The Bull's Head, or 'The Bull', as it's known by locals, is located in a prominant spot in Barnes, overlooking the River Thames and boasts a long history as one of London's best-loved jazz venues. But back when it was first established in 1684 as a hostelry it made a perfect stopping off point for the many travellers to and from central London. The building was completely rebuilt in 1845 and went through various refurbishments in the late 19th century and in 1959 it became a jazz venue, a tradition which continues today with live music every night of the week. The pub has been visited by many of the world's great jazz musicians and continues that tradition on boat race day with jazz vocalist and songwriter Katriona Taylor performing a mix of latin, Brazilian, jazz and soul in the evening.


White Hart, Barnes

The Barnes pub is offering barbequed food and live music on Boat Race day.

The Terrace, Riverside, Barnes, London, SW13 0NR

Tube: Kew Gardens Station


Having been originally built in 1660 and then rebuilt in 1899 the White Hart in Barnes stands as a goliath of Tudor grandeur with the stunning imposing design of high Victorian Gothic. Boat Race day is a big event for the Barnes pub which is offering a three-course meal in The Terrace Kitchen from 3pm at £60 per person. Enjoy dishes like White Hart smoked salmon, cucumber and wasabi ketchup or roasted rack of Dorset lamb with rosemary and garlic mash, sautéed spinach and port jus alongside live music. Once the race glides round, diners can take a prime viewing spot on the private balcony. Alternatively, watch the race from the riverbank and grab a pint and a burger from the outside BBQ, before the DJ takes to the decks to take you into the evening.


Ship, Mortlake

This Mortlake pub is most famous for its location on the finish line.
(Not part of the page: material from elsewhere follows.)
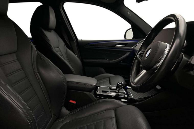 Active Guard, Attentiveness assist, BMW Live Cockpit Professional nav system including 12.3" instrument display + 12.3 high resolution control display, BMW Online services, BMW Teleservices, Brake pad wear indicator in front and rear, Check Control warning system for monitoring of lights and door/luggage compartment open warning, Condition based service - BMW service history, electronic service booklet, integrated owner's handbook, Connected drive services, Cruise control with brake function + speed limiter, Electric boot lid, Front/rear Parking distance control, iDrive Controller with 8 favourite buttons, Instrument cluster with speedometer with mph readout, tachometer, fuel gauge and oil temperature gauge, Lights on warning by audio warning signal when ignition is switched off, Oil sensor for level and grade, warning by check control system, On board computer - average speed+fuel consumption, service interval, clock/date, odometer/trip meter, outside temperature display and ice warning, Optimum shift indicator, Personal Profile - automatic lock when driving away selectable, Stop/start system, Variable sports power steering, Automatic transmission with gearshift paddles, Drive performance control with ECO PRO comfort + sport mode, Incorrect fuelling protection, M sport suspension, Multi-link rear suspension, Performance Control, BMW professional radio/CD/MP3, DAB tuner, Acoustic glazing, Automatic windscreen wipers and automatic headlight, Black finish on B pillars, Body colour door handles, Body colour electric adjust heated aspherical door mirrors, Body colour roof mouldings, Body coloured bumpers, Direction indicator, side repeaters, integrated in exterior mirrors, Dynamic brake lights, Exhaust tailpipes - dual, round, split left and right with chrome finisher, Fingertip control / anti-trap function on electric window, Folding wing mirrors with auto dimming, Follow me home headlights, Front and rear bumper system with replaceable deformation elements, Front and rear electric windows, Gloss chrome tailpipes finishers, Green tinted heat insulating glass, Heated windscreen washer jets, High beam assistant, High gloss black shadow line roof rails, High gloss shadowline exterior trim in decorative moulding side frame/recess cover/guide rail/B, C pillars/mirror frame and triangle with mirror base, High level 3rd brake light incorporating LED Technology, Interior rear view electrochromatic mirror with automatic anti dazzle function, LED tail lights, Lightweight engineering, M aerodynamic bodystyling, Model designation, Rear side wing doors, Rear wing door, Rear wiper, Shark fin antenna, Side exterior M designation badges, Visible VIN plate, Welcome lighting, Windscreen wipers with adjustable interval, 12V power socket in front centre console, 3 rear headrests, 3 zone automatic air conditioning, 4 lashing points to secure luggage, 40:20:40 split folding rear seat with loading system, 5 seats, Ambient lighting, Anthracite headlining, Automatic interior light when door is opened/ignition switched off or via remote key, Foldable storage floor with compartment, Four grab handles integrated in roof lining, Front and rear bottle holders integrated into door trim storage compartments, Front and rear side armrests integrated into door trim, Front centre armrest with storage compartment, Front footwell lights, Front head restraints, Front sports seats, Front/rear courtesy lights with soft on/off dimming, Front/rear reading lights, Heated front seats, Isofix rear child seat preparation, Leather gear knob, Luggage area underfloor compartment, Luggage compartment lighting, M sport leather steering wheel, Multifunction steering wheel, Parcel shelf removeable and storable under boot floor, Reach and rake adjustable steering column, Rear centre armrest with 2 cupholders, Removable / retractable luggage cover, Seat backrest width adjustment, Slope adjustable rear seats, Storage compartment in rear centre console and front/rear door trims, Sun visors with vanity mirrors and ticket pocket, Toolkit located in luggage compartment, Two front cupholders with removable oddments tray/lid, Vernasca leather upholstery, Connected pro pack - X3, Driving assistant pack - X3, ADB - Automatic Differential Brake, Anti-lock braking system (ABS) with brake assist, Automatic Stability Control (ASC), Battery safety cut-off, BMW emergency call, Brake drying, Brake energy regeneration, Braking pre-tensioning, Child locks on rear doors, Cornering brake control (CBC), Crash Sensor - activation of central locking release, hazard warning light and interior lighting, Deactivation of fuel pump in the event of a crash, Driver and front passenger front and side airbags with passenger deactivation and ITS front and rear head airbags, DSC+, Dynamic brake control, Dynamic Traction Control - DTC, Electromechanical parking brake, Hill descent control, Hill start assist, Seatbelt security check for front seats, Side impact protection, Three point seatbelts to all seats with front and outer rear pyrotechnic belt tensioners and seat belt force limiters, Two tone horn, Tyre pressure sensor, Ventilated front and rear disc brakes, Warning triangle and first aid kit, Central locking switch for all doors, fuel filler cap and luggage compartment, Electronic engine immobiliser, Locking wheel nuts, Remote control including two integrated key - one button for open/close all lockable content, windows and separate button for open luggage compartment, Remote control Thatcham category 1 alarm, Start/stop button with Comfort Go keyless engine start and auto Start/stop deactivation button, Low rolling resistance tyres,
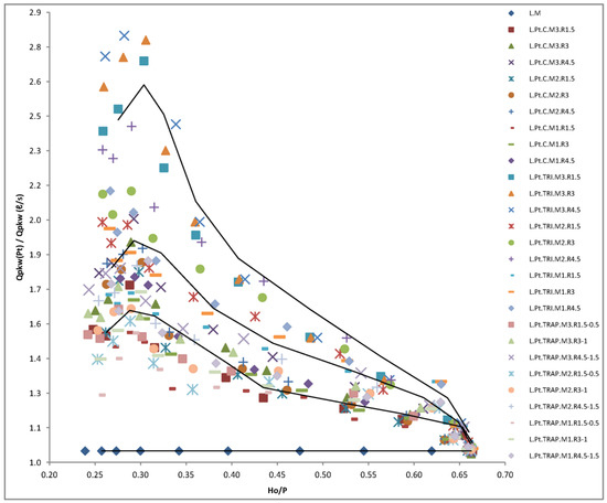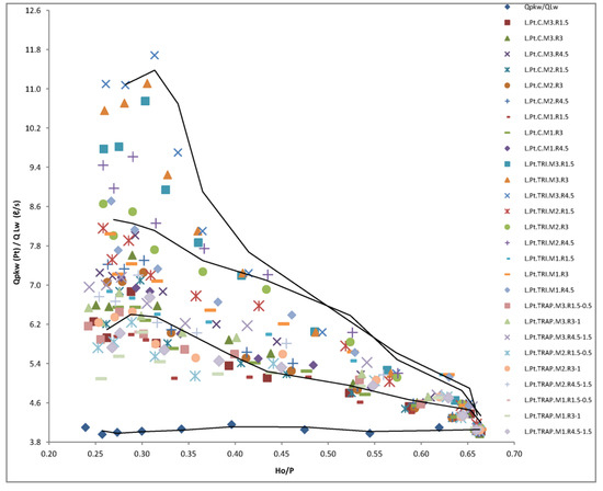 Relationship between QPKW(Pt)/QLW and Ho/P for the different heights and profile shapes of the parapet wall of RPKW models.

10 Thames Bank, London, SW14 7QR

Tube: Kew Gardens Station


Built in 1781, the Ship is without doubt most famous for its location on the finishing line of the Oxford Cambridge Boat Race. Located on the river at the end of Ship Lane in Mortlake, Chiswick Bridge - the finish line for the famous race - lies to the left and Mortlake to the right. Sitting out with a pint on the pub's terrace by the river path is a lovely way to spend a sunny Sunday enjoying the beautiful river views. As a Taylor Walker pub, it has all the hallmarks of a traditional English pub, an open fire, timber floor and beer garden but it's the secluded location with its views along the river which makes the Ship one of the most picturesque pubs in this part of Mortlake.